▶ YOUR GOAL:
Transcribe exactly the lines that fall between the one holding "Letter, Party Scene" and the one holding "Posuniem teplú čiernu", inclusive, from the entries below.

▶ DATA FOR REVIEW:
•••••

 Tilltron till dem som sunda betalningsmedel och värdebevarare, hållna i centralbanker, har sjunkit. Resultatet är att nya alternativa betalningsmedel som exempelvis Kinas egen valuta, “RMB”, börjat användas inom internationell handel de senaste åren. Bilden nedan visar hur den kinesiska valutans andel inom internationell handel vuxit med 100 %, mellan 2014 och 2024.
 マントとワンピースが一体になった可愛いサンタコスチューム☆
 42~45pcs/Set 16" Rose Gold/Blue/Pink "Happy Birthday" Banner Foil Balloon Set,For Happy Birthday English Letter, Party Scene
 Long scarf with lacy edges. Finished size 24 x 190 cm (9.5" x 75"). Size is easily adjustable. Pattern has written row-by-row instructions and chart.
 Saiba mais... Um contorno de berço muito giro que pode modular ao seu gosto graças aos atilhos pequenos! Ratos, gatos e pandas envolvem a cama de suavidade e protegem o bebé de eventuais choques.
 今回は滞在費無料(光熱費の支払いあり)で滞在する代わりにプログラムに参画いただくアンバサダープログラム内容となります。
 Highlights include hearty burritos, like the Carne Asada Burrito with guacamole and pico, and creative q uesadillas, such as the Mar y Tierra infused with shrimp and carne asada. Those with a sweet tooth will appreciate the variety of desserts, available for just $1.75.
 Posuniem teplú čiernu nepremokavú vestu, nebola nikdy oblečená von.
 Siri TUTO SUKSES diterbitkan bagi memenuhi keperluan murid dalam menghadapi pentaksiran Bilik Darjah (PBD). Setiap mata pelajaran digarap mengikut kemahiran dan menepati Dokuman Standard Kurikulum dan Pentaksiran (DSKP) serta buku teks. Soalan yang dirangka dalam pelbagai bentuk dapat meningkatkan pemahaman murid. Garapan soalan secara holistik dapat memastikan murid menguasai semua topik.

•••••

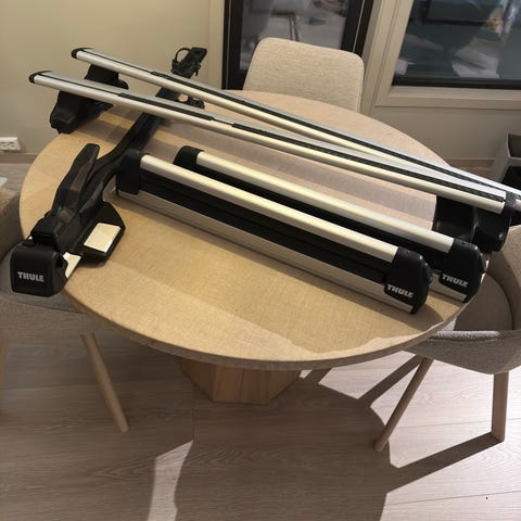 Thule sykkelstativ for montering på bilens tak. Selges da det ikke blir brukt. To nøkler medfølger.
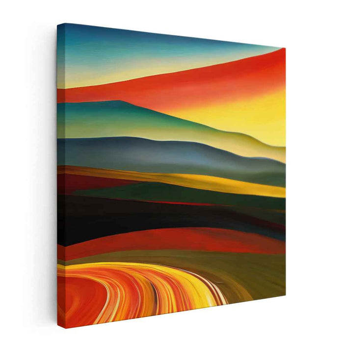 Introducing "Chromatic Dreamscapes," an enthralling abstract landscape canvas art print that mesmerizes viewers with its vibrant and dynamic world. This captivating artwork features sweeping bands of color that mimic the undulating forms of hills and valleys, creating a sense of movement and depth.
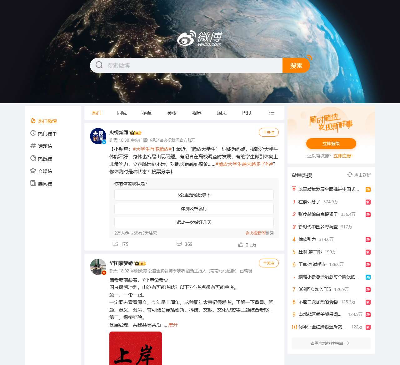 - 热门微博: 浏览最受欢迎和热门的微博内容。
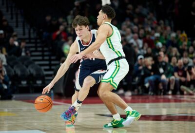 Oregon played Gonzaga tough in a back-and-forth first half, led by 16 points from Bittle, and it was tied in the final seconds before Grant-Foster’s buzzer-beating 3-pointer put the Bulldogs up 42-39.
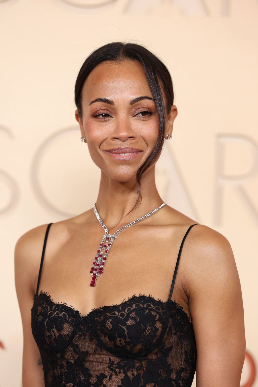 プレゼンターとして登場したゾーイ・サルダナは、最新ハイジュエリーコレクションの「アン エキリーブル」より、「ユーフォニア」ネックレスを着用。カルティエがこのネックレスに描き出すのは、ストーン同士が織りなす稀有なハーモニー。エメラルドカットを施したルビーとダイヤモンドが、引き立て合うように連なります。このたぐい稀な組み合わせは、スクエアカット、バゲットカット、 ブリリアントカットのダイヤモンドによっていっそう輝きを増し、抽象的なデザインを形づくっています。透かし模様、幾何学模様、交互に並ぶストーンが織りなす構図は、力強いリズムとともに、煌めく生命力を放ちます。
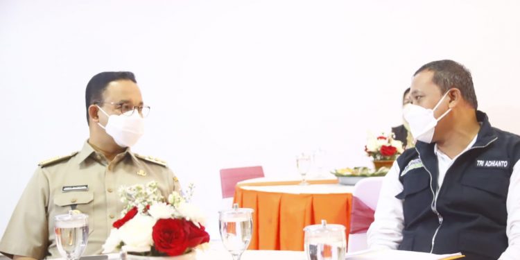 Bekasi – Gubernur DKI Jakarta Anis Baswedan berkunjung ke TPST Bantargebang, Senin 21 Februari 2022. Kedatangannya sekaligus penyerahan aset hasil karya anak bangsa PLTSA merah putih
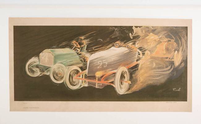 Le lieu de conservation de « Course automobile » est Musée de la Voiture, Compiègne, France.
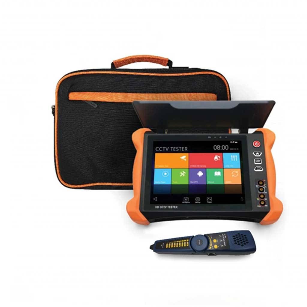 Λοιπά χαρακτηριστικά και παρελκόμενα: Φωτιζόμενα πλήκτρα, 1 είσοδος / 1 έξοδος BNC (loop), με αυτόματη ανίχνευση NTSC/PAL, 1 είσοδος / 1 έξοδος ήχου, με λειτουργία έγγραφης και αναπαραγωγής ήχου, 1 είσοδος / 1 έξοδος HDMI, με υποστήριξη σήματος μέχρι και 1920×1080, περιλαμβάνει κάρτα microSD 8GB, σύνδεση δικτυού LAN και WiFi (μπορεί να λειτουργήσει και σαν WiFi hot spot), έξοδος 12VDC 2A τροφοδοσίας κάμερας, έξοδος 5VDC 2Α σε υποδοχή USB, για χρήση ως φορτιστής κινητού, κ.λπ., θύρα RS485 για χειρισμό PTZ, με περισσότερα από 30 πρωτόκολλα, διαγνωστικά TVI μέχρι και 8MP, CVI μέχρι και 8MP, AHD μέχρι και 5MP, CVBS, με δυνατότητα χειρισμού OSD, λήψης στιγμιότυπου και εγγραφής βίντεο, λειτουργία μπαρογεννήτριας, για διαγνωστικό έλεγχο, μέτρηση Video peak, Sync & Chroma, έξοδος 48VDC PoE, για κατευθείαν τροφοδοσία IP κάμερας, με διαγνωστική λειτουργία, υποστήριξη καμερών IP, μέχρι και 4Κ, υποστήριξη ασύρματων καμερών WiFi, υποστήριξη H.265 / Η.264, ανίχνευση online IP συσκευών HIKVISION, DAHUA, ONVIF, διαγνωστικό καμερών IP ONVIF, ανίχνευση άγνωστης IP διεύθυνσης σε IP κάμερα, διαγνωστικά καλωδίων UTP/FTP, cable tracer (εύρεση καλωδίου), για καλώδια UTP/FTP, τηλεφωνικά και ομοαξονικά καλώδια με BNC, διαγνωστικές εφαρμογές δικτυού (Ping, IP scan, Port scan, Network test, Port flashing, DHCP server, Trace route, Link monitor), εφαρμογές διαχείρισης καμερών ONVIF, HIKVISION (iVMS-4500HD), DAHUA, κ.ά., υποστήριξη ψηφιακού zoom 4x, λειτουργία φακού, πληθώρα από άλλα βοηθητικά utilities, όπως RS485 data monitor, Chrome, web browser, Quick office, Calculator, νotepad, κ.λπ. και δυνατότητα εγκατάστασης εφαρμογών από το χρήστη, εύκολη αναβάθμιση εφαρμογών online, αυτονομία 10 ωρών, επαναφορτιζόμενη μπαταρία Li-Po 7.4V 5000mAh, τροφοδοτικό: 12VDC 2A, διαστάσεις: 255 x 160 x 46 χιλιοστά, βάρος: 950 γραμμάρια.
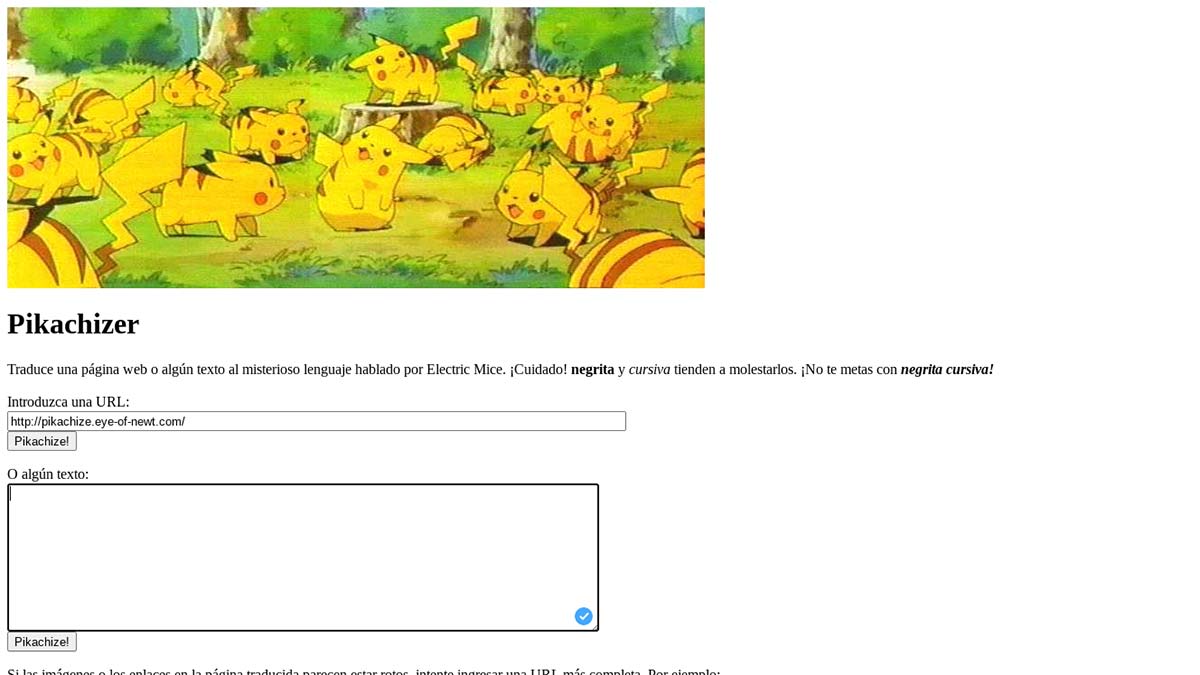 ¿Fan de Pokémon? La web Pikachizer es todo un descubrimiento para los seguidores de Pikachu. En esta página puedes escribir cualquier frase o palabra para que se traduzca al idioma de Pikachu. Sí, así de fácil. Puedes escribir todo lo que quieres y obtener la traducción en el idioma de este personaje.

•••••

▶ OUTPUT:
 42~45pcs/Set 16" Rose Gold/Blue/Pink "Happy Birthday" Banner Foil Balloon Set,For Happy Birthday English Letter, Party Scene
 Long scarf with lacy edges. Finished size 24 x 190 cm (9.5" x 75"). Size is easily adjustable. Pattern has written row-by-row instructions and chart.
 Saiba mais... Um contorno de berço muito giro que pode modular ao seu gosto graças aos atilhos pequenos! Ratos, gatos e pandas envolvem a cama de suavidade e protegem o bebé de eventuais choques.
 今回は滞在費無料(光熱費の支払いあり)で滞在する代わりにプログラムに参画いただくアンバサダープログラム内容となります。
 Highlights include hearty burritos, like the Carne Asada Burrito with guacamole and pico, and creative q uesadillas, such as the Mar y Tierra infused with shrimp and carne asada. Those with a sweet tooth will appreciate the variety of desserts, available for just $1.75.
 Posuniem teplú čiernu nepremokavú vestu, nebola nikdy oblečená von.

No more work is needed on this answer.